Finding a church with open reconciliation hours I could make it to has been really tricky, since most churches around here only have about half an hour on Saturdays, if any time at all. (Doesn’t anyone in the Northeastern USA confess?) After some digging, I found a chapel that has priest taking confessions all day, from 10:30 AM to 7:30 PM. I went to mass yesterday for the Ascension at the same chapel, to check out the layout and the atmosphere.
It was my first time confessing with a screen separating me and the priest, which I found wonderfully liberating. Apart from the sacrament, I found the priest’s empathy and advice much more useful than that of my last few psychotherapists.
I feel so serene, from both the absolution and the way I framed and categorized the last few years of my life and saw the threads of my various weaknesses that seem to have intertwined and formed a net that I didn’t even realize was there.
Enough serious talk. There was one funny thing–in the reconciliation room, when you kneel down, there’s a doorbell button set in the cushioned bench, so it sets off a bell and the priest knowsthat someone is there. I found this very funny for some reason.
*Ding-dong!* “Bless me, Father, for I have sinned.”
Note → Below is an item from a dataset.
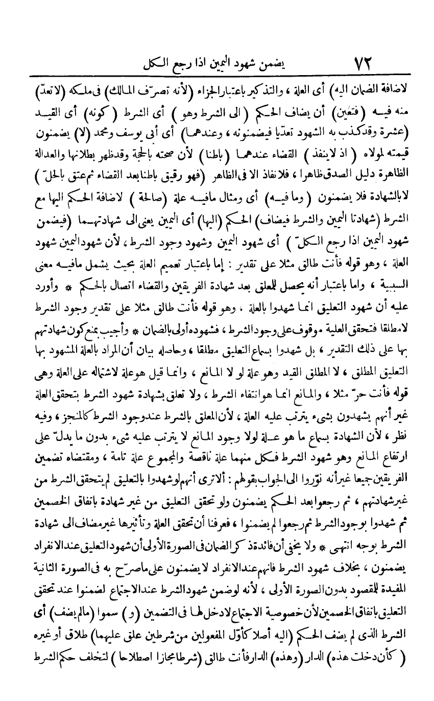 لإضافة الضَّمَان إِلَيْهِ) أَي الْعلَّة، والتذكير بِاعْتِبَار الْجَزَاء (لِأَنَّهُ تصرف الْمَالِك) فِي ملكه (لَا تعد) مِنْهُ فِيهِ (فَتعين) أَن يُضَاف الحكم (إِلَى الشَّرْط وَهُوَ) أَي الشَّرْط (كَونه) أَي الْقَيْد (عشرَة وَقد كذب بِهِ الشُّهُود تَعَديا فيضمنونه، وَعِنْدَهُمَا) أَي أبي يُوسُف وَمُحَمّد (لَا) يضمنُون قِيمَته لمَوْلَاهُ (إِذْ لَا ينفذ) الْقَضَاء عِنْدهمَا (بَاطِنا) لِأَن صِحَّته بِالْحجَّةِ وَقد ظهر بُطْلَانهَا وَالْعَدَالَة الظَّاهِرَة دَلِيل الصدْق ظَاهرا، فَلَا نَفاذ إِلَّا فِي الظَّاهِر (فَهُوَ رَقِيق بَاطِنا بعد الْقَضَاء ثمَّ عتق بِالْحلِّ) لَا بِالشَّهَادَةِ فَلَا يضمنُون (وَمَا فِيهِ) أَي وَمِثَال مَا فِيهِ عِلّة (صَالِحَة) لإضافة الحكم إِلَيْهَا مَعَ الشَّرْط (شهادتا الْيَمين وَالشّرط فيضاف) الحكم (إِلَيْهَا) أَي الْيَمين يَعْنِي إِلَى شَهَادَتهمَا (فَيضمن شُهُود الْيَمين إِذا رَجَعَ الْكل) أَي شُهُود الْيَمين وشهود وجود الشَّرْط، لِأَن شُهُود الْيَمين شُهُود الْعلَّة، وَهُوَ قَوْله فَأَنت طَالِق مثلا على تَقْدِير: إِمَّا بِاعْتِبَار تَعْمِيم الْعلَّة بِحَيْثُ يَشْمَل مَا فِيهِ معنى السَّبَبِيَّة، وَإِمَّا بِاعْتِبَار أَنه يحصل للمعلق بعد شَهَادَة الْفَرِيقَيْنِ وَالْقَضَاء اتِّصَال بالحكم وَأورد عَلَيْهِ أَن شُهُود التَّعْلِيق إِنَّمَا شهدُوا بِالْعِلَّةِ. وَهُوَ قَوْله فَأَنت طَالِق مثلا على تَقْدِير وجود الشَّرْط لَا مُطلقًا فتحقق الْعلية مَوْقُوف على وجود الشَّرْط، فشهوده أولى بِالضَّمَانِ وَأجِيب بِمَنْع كَون شَهَادَتهم بهَا على ذَلِك التَّقْدِير، بل شهدُوا بِسَمَاع التَّعْلِيق مُطلقًا، وَحَاصِله بَيَان أَن المُرَاد بِالْعِلَّةِ الْمَشْهُود بهَا التَّعْلِيق الْمُطلق، لَا الْمُطلق الْقَيْد وَهُوَ عِلّة لَوْلَا الْمَانِع، وَإِنَّمَا قيل هُوَ عِلّة لاشْتِمَاله على الْعلَّة وَهِي قَوْله فَأَنت حر مثلا، وَالْمَانِع إِنَّمَا هُوَ انْتِفَاء الشَّرْط، وَلَا تعلق بِشَهَادَة شُهُود الشَّرْط بتحقق الْعلَّة غير أَنهم يشْهدُونَ بِشَيْء يَتَرَتَّب عَلَيْهِ الْعلَّة، لِأَن الْمُعَلق بِالشّرطِ عِنْد وجود الشَّرْط كالمنجز، وَفِيه نظر، لِأَن الشَّهَادَة بِسَمَاع مَا هُوَ عِلّة لَوْلَا وجود الْمَانِع لَا يَتَرَتَّب عَلَيْهِ شَيْء بِدُونِ مَا يدل على ارْتِفَاع الْمَانِع وَهُوَ شُهُود الشَّرْط فَكل مِنْهُمَا عِلّة نَاقِصَة وَالْمَجْمُوع عِلّة تَامَّة، وَمُقْتَضَاهُ تضمين الْفَرِيقَيْنِ جَمِيعًا غير أَنه نوروا إِلَى الْجَواب بقَوْلهمْ: أَلا ترى أَنهم لَو شهدُوا بِالتَّعْلِيقِ لم يتَحَقَّق الشَّرْط من غير شَهَادَتهم، ثمَّ رجعُوا بعد الحكم يضمنُون وَلَو تحقق التَّعْلِيق من غير شَهَادَة بِاتِّفَاق الْخَصْمَيْنِ ثمَّ شهدُوا بِوُجُود الشَّرْط ثمَّ رجعُوا لم يضمنوا، فَعرفنَا أَن تحقق الْعلَّة وتأثيرها غير مُضَاف إِلَى شَهَادَة الشَّرْط بِوَجْه انْتهى وَلَا يخفى أَن فَائِدَة ذكر الضَّمَان فِي الصُّورَة الأولى أَن شُهُود التَّعْلِيق عِنْد الِانْفِرَاد يضمنُون، بِخِلَاف شُهُود الشَّرْط فَإِنَّهُم عِنْد الِانْفِرَاد لَا يضمنُون على مَا صرح بِهِ فِي الصُّورَة الثَّانِيَة المفيدة للمقصود بِدُونِ الصُّورَة الأولى، لِأَنَّهُ لَو ضمن شُهُود الشَّرْط عِنْد الِاجْتِمَاع لضمنوا عِنْد تحقق التَّعْلِيق بِاتِّفَاق الْخَصْمَيْنِ لِأَن خُصُوصِيَّة الِاجْتِمَاع لَا دخل لَهَا فِي التَّضْمِين (و) سموا (مَا لم يضف) أَي الشَّرْط الَّذِي لم يضف الحكم (إِلَيْهِ أصلا كأول المفعولين من شرطين علق عَلَيْهِمَا) طَلَاق أَو غَيره (كَأَن دخلت هَذِه) الدَّار (وَهَذِه) الدَّار فَأَنت طَالِق (شرطا مجَازًا اصْطِلَاحا) لتخلف حكم الشَّرْط

The Catholic Church: Amusing pyromaniacs since A.D. 33
I’m home visiting my parents for easter, and went to the Vigil. It was about two hours long, but there was a huge bowl of fire. My love of the Big Bowl of Fire stems not only from my garden-variety pyromania, but also because most of the most moving religious moments I have experienced have involved candles or other fire symbols.*
The service was quite joyous, but the liturgical dancers were back. They had albs and gold sequined capes–the costumes looked something like what would happen if James Brown were an altar server.
That, and the tendency of more and more people to hold and raise their hands during the Our Father, bother me to no end.
The crowd was very small. I wonder if people are starting to avoid the vigil because of how long it is.
* - This does not include the girl in the Confirmation class ahead of mine who set her hair on fire during the service. That was just funny.